Red Chili climbing gear
Red Chili climbing gear
[an error occurred while processing this directive]
logo palatinum

von Alex Wenner Traumpfeiler - Sella –  “Via Traumschiff” 8 (7+/8- obligatorisch, 150 m)
Erstbegehung: Demetz/Vinatzer 1986
Geschichte:

„Die Geschichte des Klettergebiets Cansla beginnt im Jahr 1983. Damals fingen S. Stuflesser und G.Demetz aus St. Ulrich damit an, die westliche Wand des Meisules dla Biesces zu erforschen. Ihre ersten Bohrhaken schlugen sie in eine kurze Kalkplatte, die sogenannte "Snoopy-Platte". Hier entstanden die ersten Sportkletterrouten der Sellagruppe: "Snoopy" (6b), "Unmögliche Phantasie" (6c) und jährlich neue Seillängen mit immer höheren Schwierigkeiten. Ein Jahr später wurde auch der auffallende, 150 Meter hohe Plattenpfeiler unterhalb der markanten, gelben Wand erschlossen. S. Stuflesser und C. Großrubatscher richteten die Route "Traumpfeiler" von oben ein; mit diesem Klassiker, der dem Pfeiler seinen Namen gab, begann eine neue Ära des Kletterns im Grödnertal: die Zeit des extremen und gleichzeitig sicheren Sportkletterns. Man muss sich vorstellen, dass bis 1983 weit und breit kein einziger Bohrhaken im modernen Sinn geschlagen wurde. Für das Klettern im Raum Gröden, und in den gesamten Dolomiten, waren somit die frühen Achtziger Jahre eine Zeit des Aufschwungs und der Erweiterung von Grenzen. Dennoch wurde der Bohrhaken in den Dolomiten sehr stark und immer wieder in Frage gestellt.
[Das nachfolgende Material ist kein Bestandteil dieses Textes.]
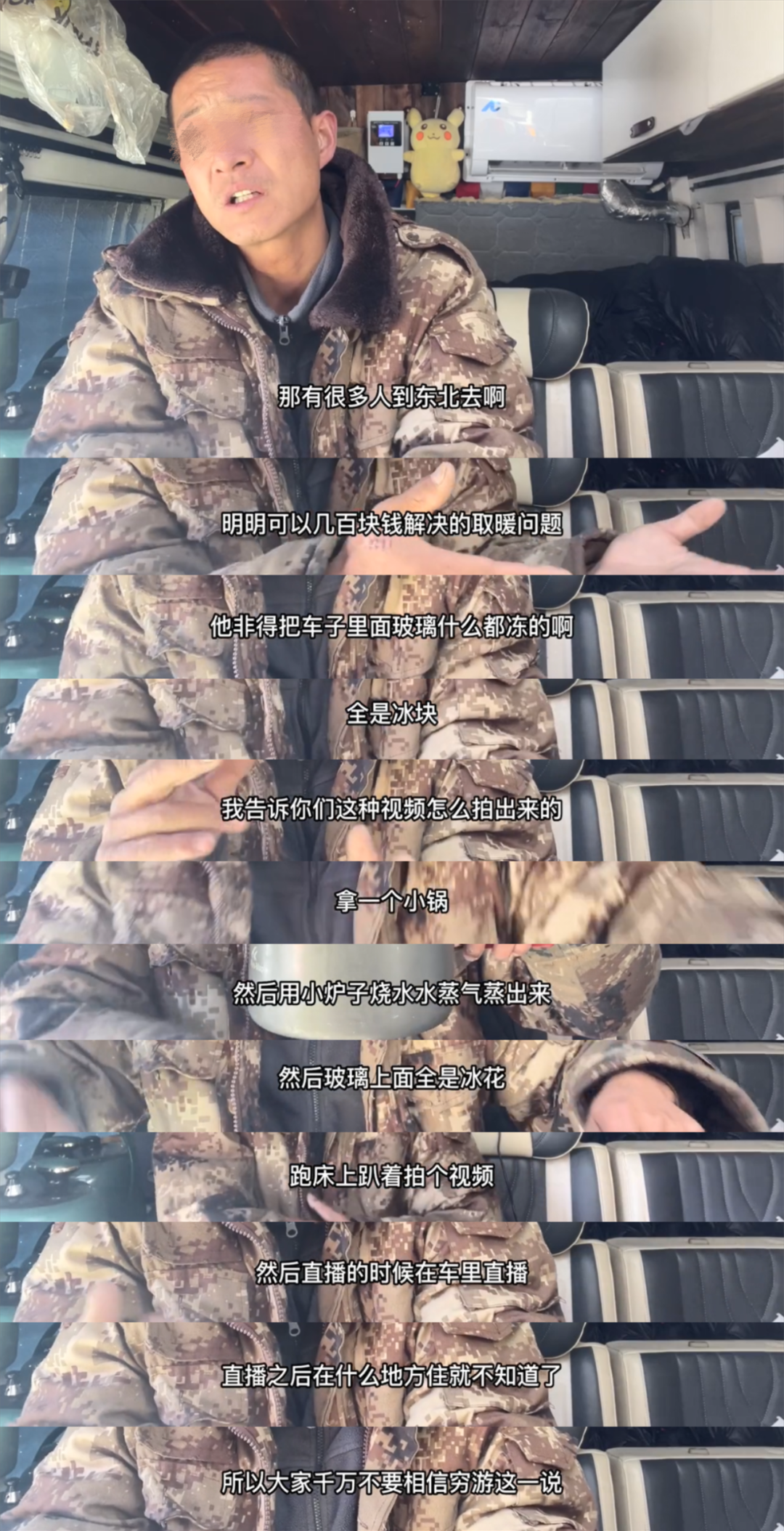除了發(fā)布旅游見聞,他還怒懟過一些其他旅行博主假窮游,比如冬季旅游明明花很少的錢就能夠讓車?yán)镒兊锰貏e暖和,非要說特別冷,博取大家同情賺取流量,這類視頻也有很多人看。

Und er wird es heute noch. Nach der Erstbegehung von "Traumpfeiler", ein Achter, an dem sich heute noch Überhang- Spezialisten die Zähne ausbeissen, haben sich die Klettermöglichkeiten in Cansla vervielfacht, sei es am Traumpfeiler selbst als auch an den "Woodstock-Platten" weiter rechts. Die fleißigsten unter den Erschließern, Mitglieder der Grödner Alpinistengruppe "G.A.G.", waren Simon Demetz, Karl Vinatzer, Manfred Stuffer und Adam Holzknecht.“ 
Info: Mfg Manfred Stuffer (Original: Cansla - Traumpfeiler )

Art:

Sehr steile, unten überhängende Plattenkletterei, die gewisse Anforderungen an die Fusstechnik stellt.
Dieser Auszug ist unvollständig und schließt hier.